- Assignment
Would you please copy only the lines from the line that contains "[경기핫타임뉴스=김삼영 기자] 화성FC가" to the end of the data below, exactly, leaving every picture out?

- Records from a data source
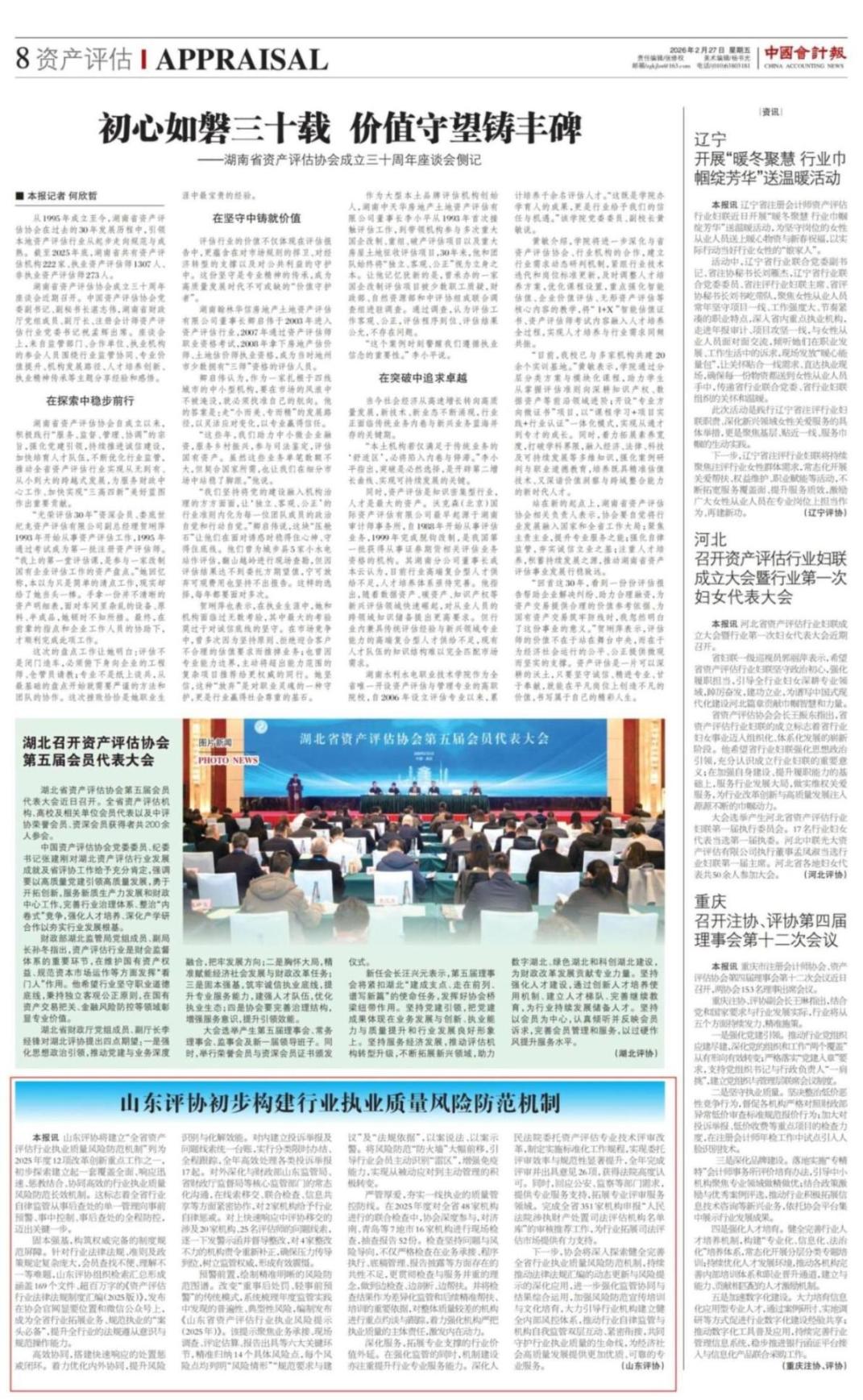 《中国会计报》专题报道——《山东评协初步构建行业执业质量风险防范机制》
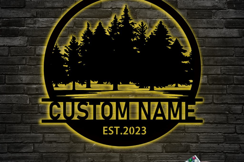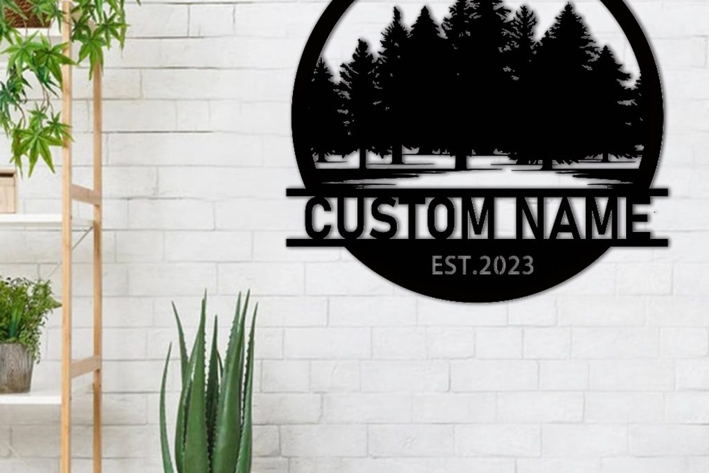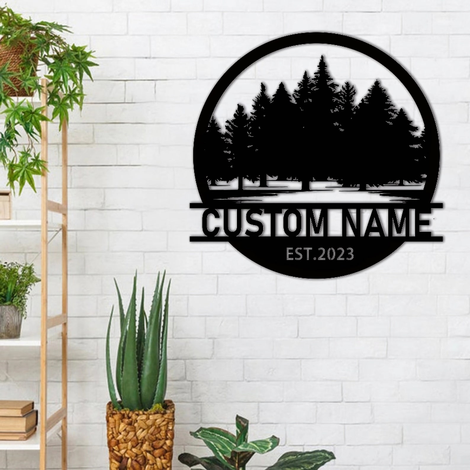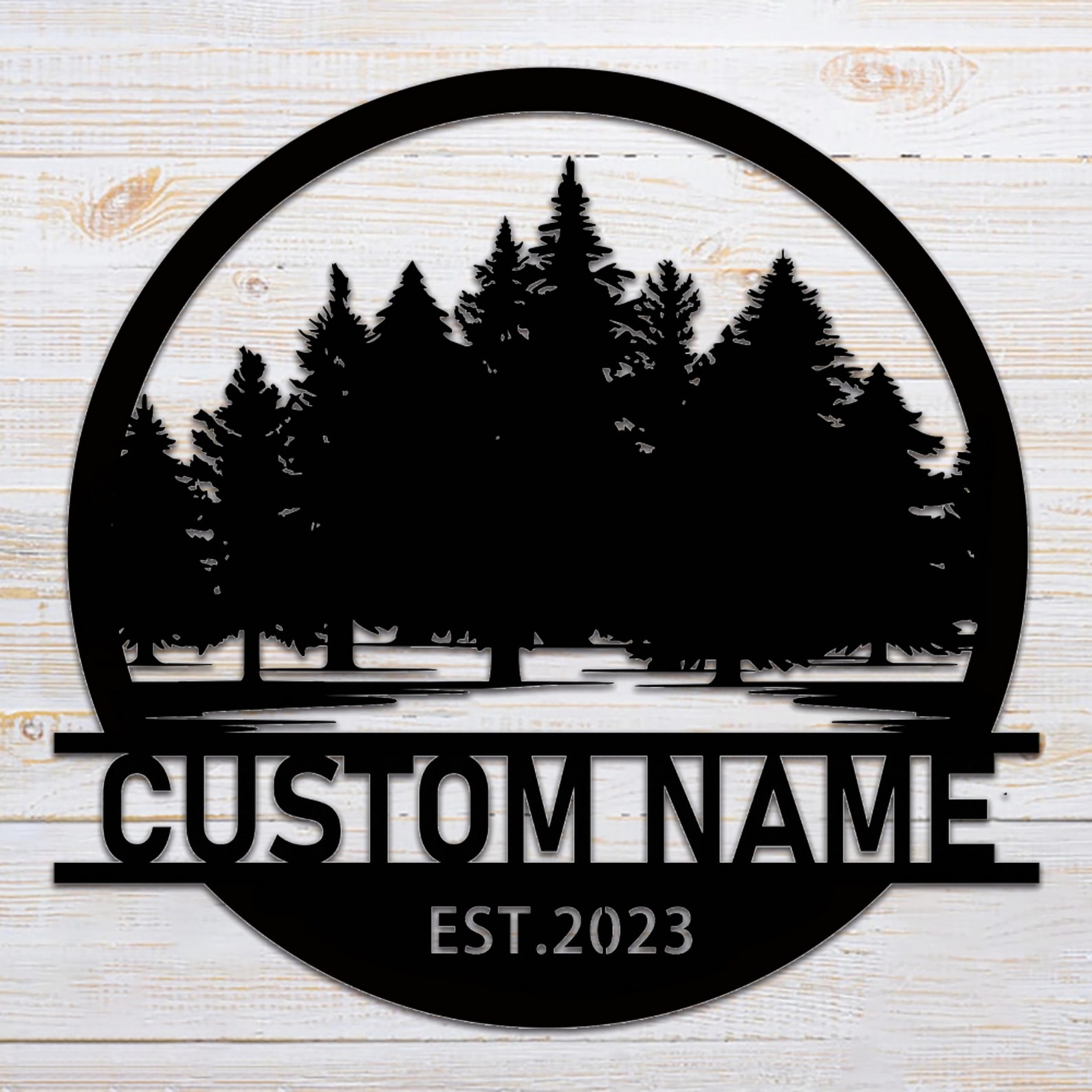 Personalized Name Metal Sign- Custom Metal Address House Number Sign-Pine Tree Metal Wall Art-Front Door Sign Garage Sign -Housewarming Gift
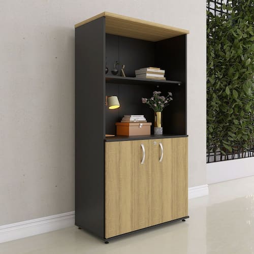 Organize seu espaço com praticidade e estilo! Este armário possui tampo robusto de 2,5cm com acabamento em fita ABS de 1mm, garantindo durabilidade e sofisticação. Com gabinete em MDP de 1,5cm, proporcionando versatilidade para armazenar documentos, livros e outros itens essenciais.
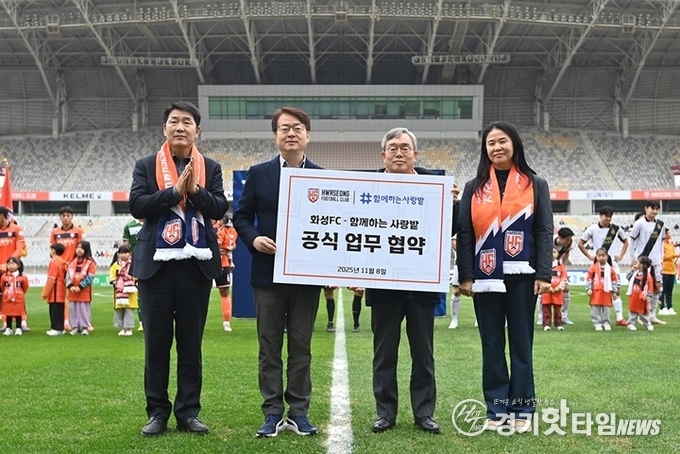 [경기핫타임뉴스=김삼영 기자] 화성FC가 취약계층 아동·청소년의 정서 지원과 문화 격차 해소를 위해 ‘함께하는 사랑밭’과 업무 협약(MOU)를 체결했다. 협약식은 지난 11월 8일(토) 화성종합경기타운 주경기장에서 열린 경남FC와의 시즌 홈 마지막 경기에 앞서 진행됐다.
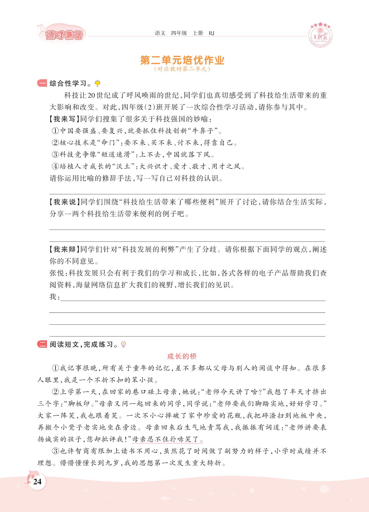 2021上册四年级语文人教版 第二单元——第二单元培优作业
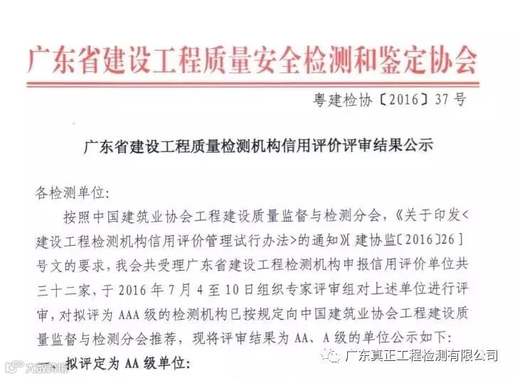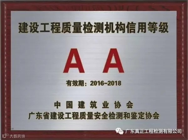 我司在中国建筑业协会工程建设质量监督与检测分会所开展的“2016年度建设工程质量检测AAA级信用机构”评审活动中,荣获AA单位。

- Output below
 [경기핫타임뉴스=김삼영 기자] 화성FC가 취약계층 아동·청소년의 정서 지원과 문화 격차 해소를 위해 ‘함께하는 사랑밭’과 업무 협약(MOU)를 체결했다. 협약식은 지난 11월 8일(토) 화성종합경기타운 주경기장에서 열린 경남FC와의 시즌 홈 마지막 경기에 앞서 진행됐다.
 2021上册四年级语文人教版 第二单元——第二单元培优作业
 我司在中国建筑业协会工程建设质量监督与检测分会所开展的“2016年度建设工程质量检测AAA级信用机构”评审活动中,荣获AA单位。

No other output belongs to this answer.